- Born: 2 May 1961 (age 64) Nakuru, Kenya
- Education: Wye College, London University
- Occupations: CEO, The RightsXchange
- Spouse: Claire Browne
- Children: Finlay, Esme, Martha

= Matthew Frank =

British television executive

Matthew Frank (born 2 May 1961) is a British television executive who is currently CEO of The RightsXchange, a new online marketplace for secondary TV rights. Matthew was formerly the CEO of RDF Rights and of Zodiak Rights and is also a company director of Dial Square 86

==Personal life and education==

Matthew Frank was born in Nakuru, Kenya – the youngest of five children - where his father Peter worked for the Kenyan government running dairy farms. His family later moved to Malawi and Matthew was sent to boarding school in the UK. Matthew attended Austin Friars School in Carlisle before going on to study a Bsc (Hons) in Animal Science at London University (Wye College), graduating with a 2nd class degree.

==Career==
Matthew’s first job after university was working for the Ministry of Agriculture as a Dairy Husbandry Advisor. He then went on to work as a commodity broker in The City of London trading sugar, coffee and potato futures for 5 years before changing direction and becoming a freelance radio journalist in 1990. He was a regular contributor on BBC Radio Four and Five and worked on shows such as Woman’s Hour, Science Now, The Health Show, The AM Alternative, and GLR Sports desk

==RDF==

In 1994 Matthew joined his brother, David, at the production company RDF where Matthew was responsible for setting up the distribution arm, RDF Rights. The business began selling a small number of short news and business features each month but grew into one of the UK’s leading independent distributors of both television programmes produced by RDF and other independent producers with an annual turnover of around £30m, also being voted number 1 Distributor in Broadcast Magazine’s Peer Poll survey in 2006, 2007 and 2009.

By 2005, RDF revenues exceeded £40m and the company was floated on the London Stock Exchange (AIM) with a valuation of £49m.

In 2009, with revenues of approximately £150m, Matthew Frank was part of the members of the RDF management team that, supported by Cyrte Investments, led a management buy-out of the company for around £53m.

RDF merged with Zodiak in 2010 to become Zodiak Media, and Matthew Frank was named CEO of the newly created Zodiak Rights.

==Zodiak==

The acquisition of RDF by Zodiak created one of the largest television ‘super-indies’ in the world, producing entertainment, factual, drama and kids' programming, with 45 companies operating in 17 countries and $800 million in annual revenues. Although Frank and other senior executives at the time were based in London, Zodiak Media Group is headquartered in Paris and with other key offices in, Los Angeles, Milan, Stockholm and Moscow. It is majority-owned by Italian conglomerate De Agostini and operates across the world.

Following the resignation of his brother, David Frank, as CEO of Zodiak Media Group in late 2013, Matthew Frank stepped down as CEO of Zodiak Rights in January 2014 and was succeeded in the position by Steve Macallister. By the time of his resignation, Frank had helped create a company that distributed 20,000 hours of content across the world including shows such as So You Think You Can Dance, Wife Swap, The Secret Millionaire, Being Human and The Returned.
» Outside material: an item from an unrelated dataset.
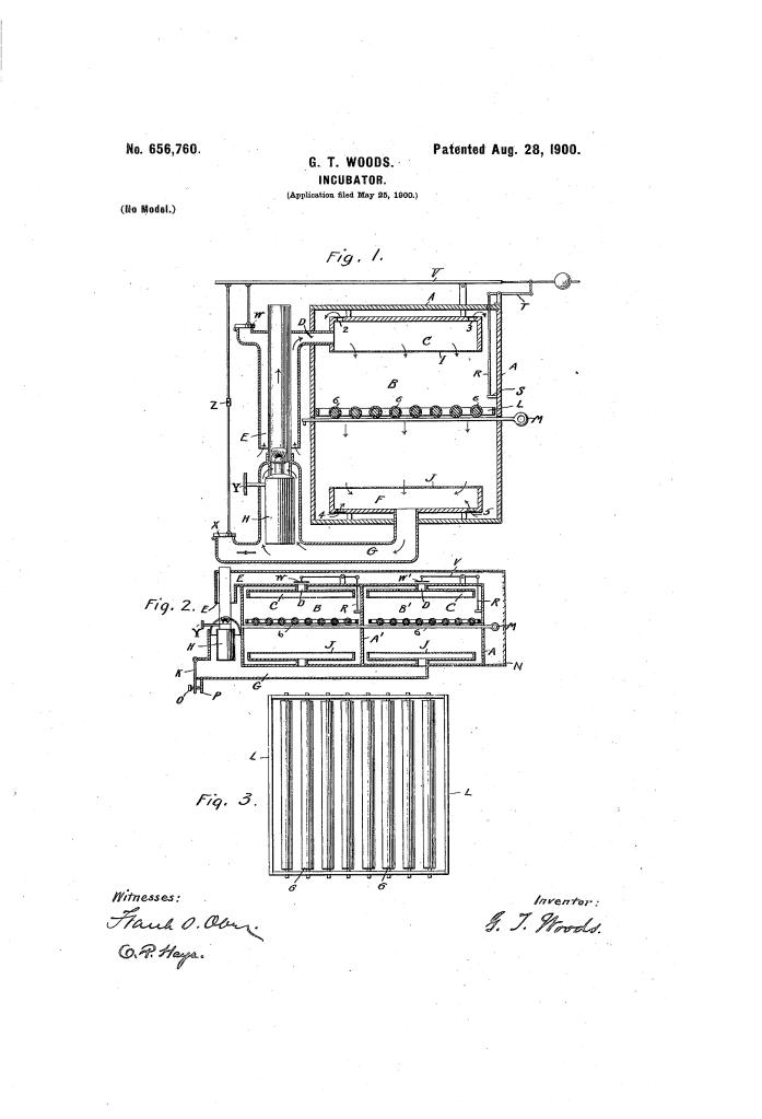 The patent by Granville T. Woods of New York, N.Y., describes certain new and useful Improvements in Incubators or Egg-Hatching Machines (Patent No. 656,760, 1900). The primary objects are to achieve precise ventilation (maintaining air humidity similar to the outside atmosphere), maintain a practically even temperature throughout the entire hatching chamber, and ensure the heated air has a slow, positive downward movement toward the eggs.

==Dial Square 86 and TRX==

In 2014, Matthew joined his brother David Frank in creating Dial Square 86, a next-generation content group which specialises in creating, financing and exploiting audio-visual content for media platforms worldwide. The company launched in October 2014 announcing its first acquisition, that of YouTube talent agency Red Hare Digital and announcing plans to invest in and acquire other companies that create, enhance or exploit content online or on TV.

In June 2015, Dial Square 86 announced the creation of The RightsXchange (TRX), an online marketplace for TV rights. It was announced that Matthew Frank was to become CEO of TRX, with David Frank acting as Chairman of TRX, and remaining as CEO of parent company Dial Square 86.